*** Opening of Input ***
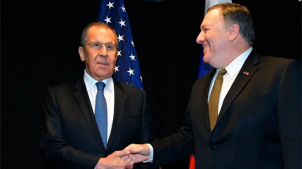 Ngoại trưởng Mỹ Mike Pompeo và người đồng cấp Nga Sergei Lavrov (bên trái) bên lề Hội nghị Hội đồng Bộ trưởng về Bắc Cực tại Phần Lan ngày 6-5. Ảnh: AP
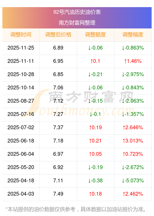 2025年油價調(diào)整時間及價格一覽表
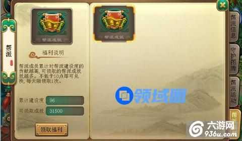 领取帮派福利:获得建设度之后,每日可领取1次帮派福利。每10点建设度等于3500点帮派成就点。
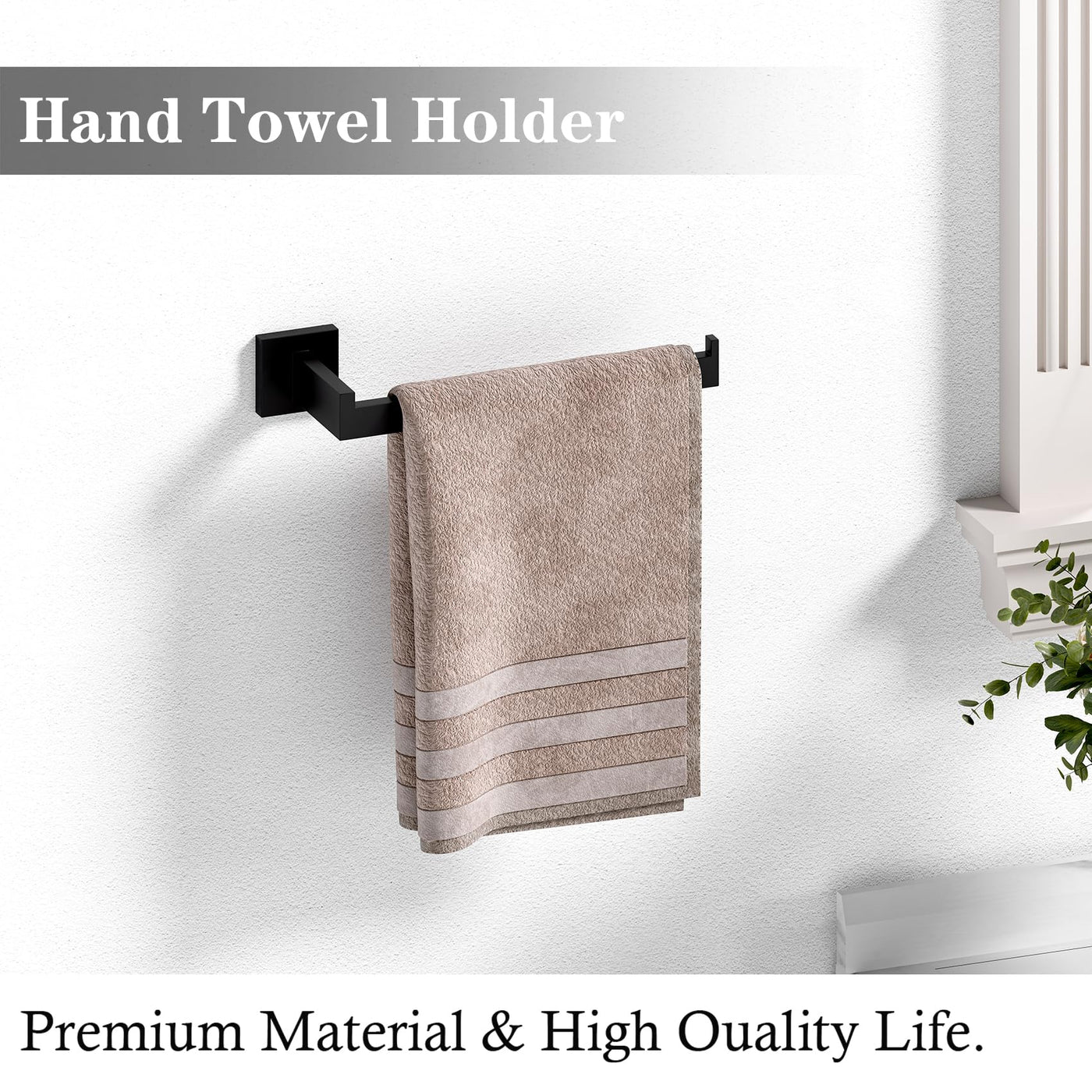 - Q: What does the 12-piece matte black bathroom hardware set include? A: The set includes 2x16 inch bath towel bars, 2x hand towel holders, 2x towel rings, 2x toilet paper rods, and 4 hooks.
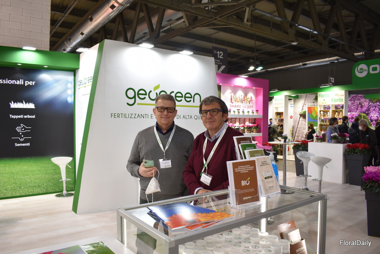 Diego de Zuani and Marco Borberini at the Geogreen stand, showcasing their fertilizers.
*** Close of Input ***
* **Problem to solve**: Each line of the data must be restated exactly, and the pictures must be left out.

* **Solution**:
 Ngoại trưởng Mỹ Mike Pompeo và người đồng cấp Nga Sergei Lavrov (bên trái) bên lề Hội nghị Hội đồng Bộ trưởng về Bắc Cực tại Phần Lan ngày 6-5. Ảnh: AP
 2025年油價調(diào)整時間及價格一覽表
 领取帮派福利:获得建设度之后,每日可领取1次帮派福利。每10点建设度等于3500点帮派成就点。
 - Q: What does the 12-piece matte black bathroom hardware set include? A: The set includes 2x16 inch bath towel bars, 2x hand towel holders, 2x towel rings, 2x toilet paper rods, and 4 hooks.
 Diego de Zuani and Marco Borberini at the Geogreen stand, showcasing their fertilizers.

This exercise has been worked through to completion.